THE PROBLEM. Please write out all the data that follows exactly, without the pictures.

PROVIDED DATA.

===============

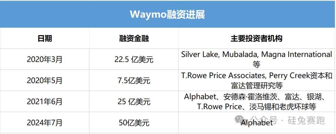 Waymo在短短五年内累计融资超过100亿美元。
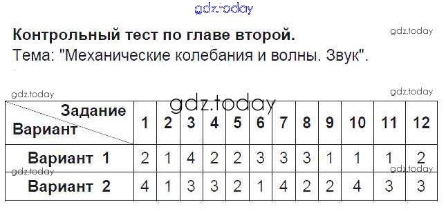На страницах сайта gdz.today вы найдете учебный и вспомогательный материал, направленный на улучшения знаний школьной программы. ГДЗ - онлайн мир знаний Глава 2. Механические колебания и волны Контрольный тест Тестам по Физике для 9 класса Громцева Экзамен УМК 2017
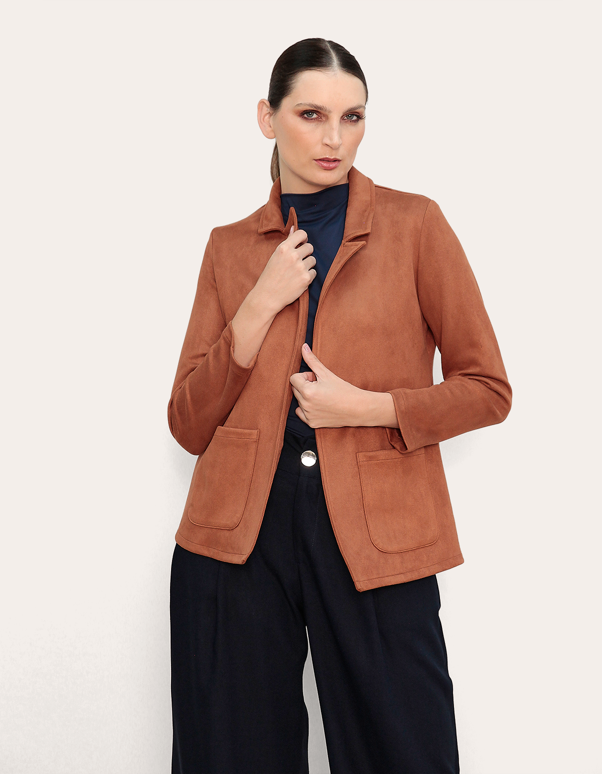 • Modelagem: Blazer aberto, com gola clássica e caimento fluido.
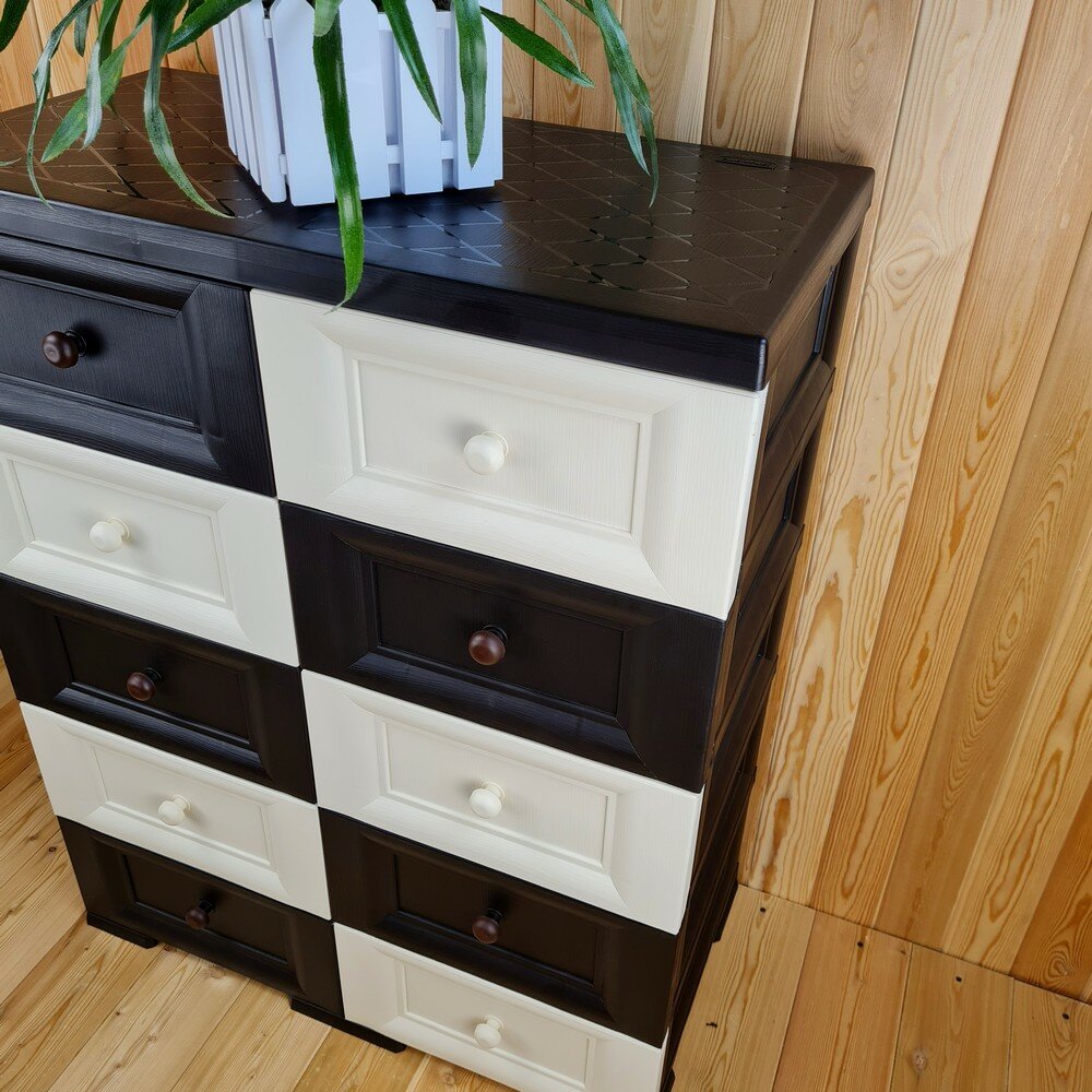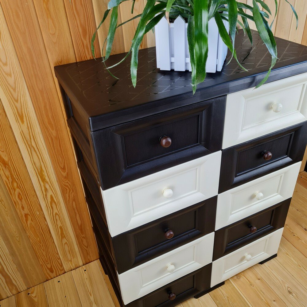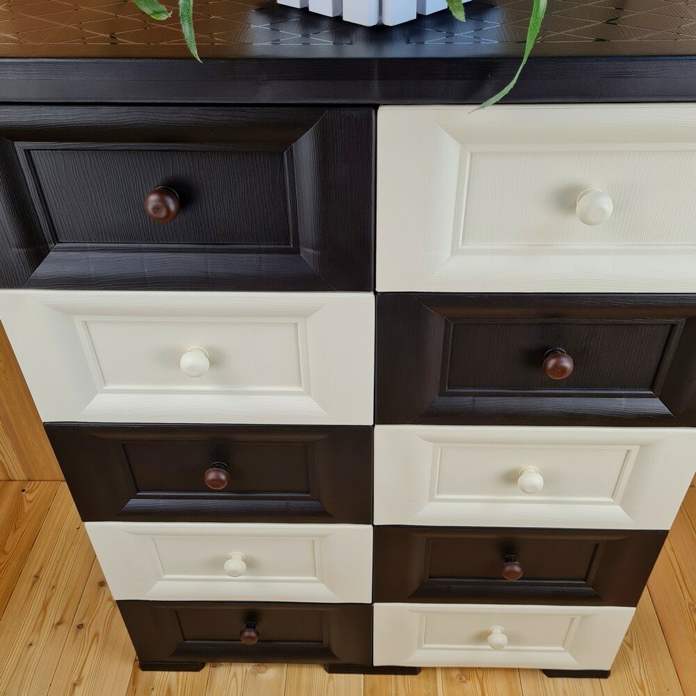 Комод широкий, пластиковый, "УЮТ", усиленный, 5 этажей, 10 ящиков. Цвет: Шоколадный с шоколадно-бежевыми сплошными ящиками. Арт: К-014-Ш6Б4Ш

===============

ANSWER SECTION.
 Waymo在短短五年内累计融资超过100亿美元。
На страницах сайта gdz.today вы найдете учебный и вспомогательный материал, направленный на улучшения знаний школьной программы. ГДЗ - онлайн мир знаний Глава 2. Механические колебания и волны Контрольный тест Тестам по Физике для 9 класса Громцева Экзамен УМК 2017
 • Modelagem: Blazer aberto, com gola clássica e caimento fluido.
 Комод широкий, пластиковый, "УЮТ", усиленный, 5 этажей, 10 ящиков. Цвет: Шоколадный с шоколадно-бежевыми сплошными ящиками. Арт: К-014-Ш6Б4Ш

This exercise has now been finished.